Saturday 16 February 2013

Tarapoto... enjoying a perfect evening



I am sitting in a lovely restaurant, enjoying a light evening breeze and listening to Hey Jude being played on an Andean Pipe mixed tape… it is a perfect night. 

And it follows a spectacular afternoon.  No great adventure, but time spent with a friend looking at homes and property in the small town of Lamas just outside of Tarapoto.  There is raw land for sale for the equivalent of $120.00 per hectare.   Homes for sale on a couple of hectares for about $80,000.  Which do you think I am more interested in? 

One home I saw would have been perfect… and thus a perfect example of the kind of dwelling to copy.  Tropical mosquito screen walls, beautiful wood beams, incredible bathroom… Bet I can do that too but with way less money.  A jungle retreat for when I get tired of the Chachapoyan rains.  Four wheel drive necessary. 

I am a nutbar, obviously.

We drove back towards town stopping to pick up local farmers leaving their fields for the day and carrying heavy bags of bounty.  There were a couple of women in colourful hot pink and orange native dress carrying loads down their backs slung traditionally from their heads, thus leaving their hands free.  Into the back of the pickup they all went until there was no more room, and every now and then someone would bang the top of the cab to indicate it was drop off time.

After our last guest had hopped down we made a beeline for coffee at a cafĂ© run by a local collective and it was delicious.  Bought as much coffee as I think my suitcase can accommodate.  As my suitcase is already bulging at the seams it is becoming obvious that I will be buying a larger bag in Lima… I love to shop at the Indian Market there!  Shawls, belts, sweaters, baskets, trinkets and jewellery.   If the god of air travel are kind I should have a whole day to devote to this passion.  J

I think I would have done well as a travelling gypsy.   Wherever I park my butt becomes  home.  So I wonder, why move on?  Why return?  On a tip from a fellow traveller I read a book called The Alchemist about a traveller setting out to seek a fortune, the lessons learned, and following the path that life and situation dictate.  Not a great description, not a big book, but it stressed the importance of moving forward not back. 

So why do I return?  Ask me again when I am back in Courtenay and I will probably then ask why do I want to leave…  I have been roaming since I was a teenager, and 35 years later I still don’t seem able to settle down. 

… back in my hammock after a lovely salad of palm hearts and avocado, washed down with a lovely tropical juice called Cocana.  Mmm, Mmmm Good.

I have done my online check in for my flight tomorrow afternoon which will leave me the better part of the day to occupy myself.  Maybe a boulder-hop up river? 

Oh ick, there is something crawling up my leg… 

Now it is a squished something.

There is some REALLY BAD karaoke going on at the bar across the street.  Last night the music was loud and played late into the night, not to mention Mr.

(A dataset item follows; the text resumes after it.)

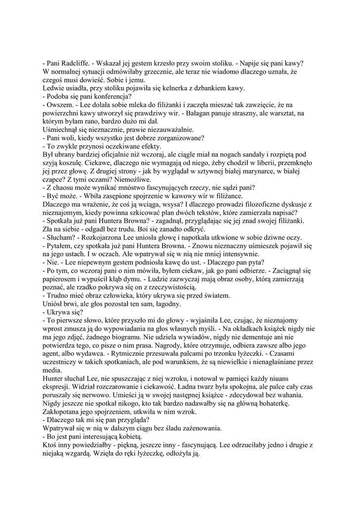 - Pani Radcliffe. - Wskazał jej gestem krzesło przy swoim stoliku. - Napije się pani kawy? W normalnej sytuacji odmówiłaby grzecznie, ale teraz nie wiadomo dlaczego uznała, że czegoś musi dowieść. Sobie i jemu. Ledwie usiadła, przy stoliku pojawiła się kelnerka z dzbankiem kawy. - Podoba się pani konferencja? - Owszem. - Lee dolała sobie mleka do filiżanki i zaczęła mieszać tak zawzięcie, że na powierzchni kawy utworzył się prawdziwy wir. - Bałagan panuje straszny, ale warsztat, na którym byłam rano, bardzo dużo mi dał. Uśmiechnął się nieznacznie, prawie niezauważalnie. - Pani woli, kiedy wszystko jest dobrze zorganizowane? - To zwykle przynosi oczekiwane efekty. Był ubrany bardziej oficjalnie niż wczoraj, ale ciągle miał na nogach sandały i rozpiętą pod szyją koszulę. Ciekawe, dlaczego nie wymagają od niego, żeby chodził w liberii, przemknęło jej przez głowę. Z drugiej strony - jak by wyglądał w sztywnej białej marynarce, w białej czapce? Z tymi oczami? Niemożliwe. - Z chaosu może wynikać mnóstwo fascynujących rzeczy, nie sądzi pani? - Być może. - Wbiła zasępione spojrzenie w kawowy wir w filiżance. Dlaczego ma wrażenie, że coś ją wciąga, wsysa? I dlaczego prowadzi filozoficzne dyskusje z nieznajomym, kiedy powinna szkicować plan dwóch tekstów, które zamierzała napisać? - Spotkała już pani Huntera Browna? - zagadnął, przyglądając się jej znad swojej filiżanki. Zła na siebie - odgadł bez trudu. Boi się zanadto odkryć. - Słucham? - Rozkojarzona Lee uniosła głowę i napotkała utkwione w sobie dziwne oczy. - Pytałem, czy spotkała już pani Huntera Browna. - Znowu nieznaczny uśmieszek pojawił się na jego ustach. I w oczach. Ale wpatrywał się w nią nie mniej intensywnie. - Nie. - Lee niepewnym gestem podniosła kawę do ust. - Dlaczego pan pyta? - Po tym, co wczoraj pani o nim mówiła, byłem ciekaw, jak go pani odbierze. - Zaciągnął się papierosem i wypuścił kłąb dymu. - Ludzie zazwyczaj mają obraz osoby, którą zamierzają poznać, ale rzadko pokrywa się on z rzeczywistością. - Trudno mieć obraz człowieka, który ukrywa się przed światem. Uniósł brwi, ale głos pozostał ten sam, łagodny. - Ukrywa się? - To pierwsze słowo, które przyszło mi do głowy - wyjaśniła Lee, czując, że nieznajomy wprost zmusza ją do wypowiadania na głos własnych myśli. - Na okładkach książek nigdy nie ma jego zdjęć, żadnego biogramu. Nie udziela wywiadów, nigdy nie dementuje ani nie potwierdza tego, co pisze o nim prasa. Nagrody, które otrzymuje, odbiera zawsze albo jego agent, albo wydawca. - Rytmicznie przesuwała palcami po trzonku łyżeczki. - Czasami uczestniczy w takich spotkaniach, ale pod warunkiem, że są niewielkie i nienagłaśniane przez media. Hunter słuchał Lee, nie spuszczając z niej wzroku, i notował w pamięci każdy niuans ekspresji. Widział rozczarowanie i ciekawość. Ładna twarz była spokojna, ale palce cały czas poruszały się nerwowo. Umieści ją w swojej następnej książce - zdecydował bez wahania. Nigdy jeszcze nie spotkał nikogo, kto tak bardzo nadawałby się na główną bohaterkę. Zakłopotana jego spojrzeniem, utkwiła w nim wzrok. - Dlaczego tak mi się pan przygląda? Wpatrywał się w nią w dalszym ciągu bez śladu zażenowania. - Bo jest pani interesującą kobietą. Ktoś inny powiedziałby - piękną, jeszcze inny - fascynującą. Lee odrzuciłaby jedno i drugie z niejaką wzgardą. Wzięła do ręki łyżeczkę, odłożyła ją. - Dlaczego? - Ma pani chłodny umysł, wrodzone poczucie stylu i jest pani kłębkiem nerwów. Podobał mu się lekki mars na jej czole. Oznaczał upór i wytrwałość. Miał szacunek dla obu cech. - Zawsze intrygowały mnie kieszenie - ciągnął. - Im głębsze, tym lepiej. Jestem ciekaw, co pani ma w kieszeniach, pani Radcliffe. Znowu poczuła ciarki na plecach. Niezbyt miło jest siedzieć obok kogoś, kto przyprawia człowieka o podobne sensacje. Nagle ogarnęła ją fala sympatii dla ludzi, z którymi kiedykolwiek zdarzyło się jej przeprowadzać wywiady. - Ma pan oryginalny sposób prowadzenia rozmowy - mruknęła. - Tak mówią.

Action Film watching TV at a stupid volume until the wee hours.  Oh the joys.

But how I wish I could gather you all up and bring you here… everyone should have the opportunity to sit or swing in this idyllic setting (karaoke excepted).  The air is perfect, warm enough to appreciate the gentle cool breeze that drifts by.  Gently rocking back and forth I look up and see the intricacies of the woven grass roof, down to my favourite deep red terracotta tile floor and out to the tropical gardens backlit by the warm-white glow coming from the occupied rooms.  That I could pack this up and bring it home to my backyard. 

I am going to just sit here and rock back and forth for a while… giving the mosquitoes their quota of blood while I do.  After all it is the jungle.  Tonight I intend to enjoy it enough for everyone.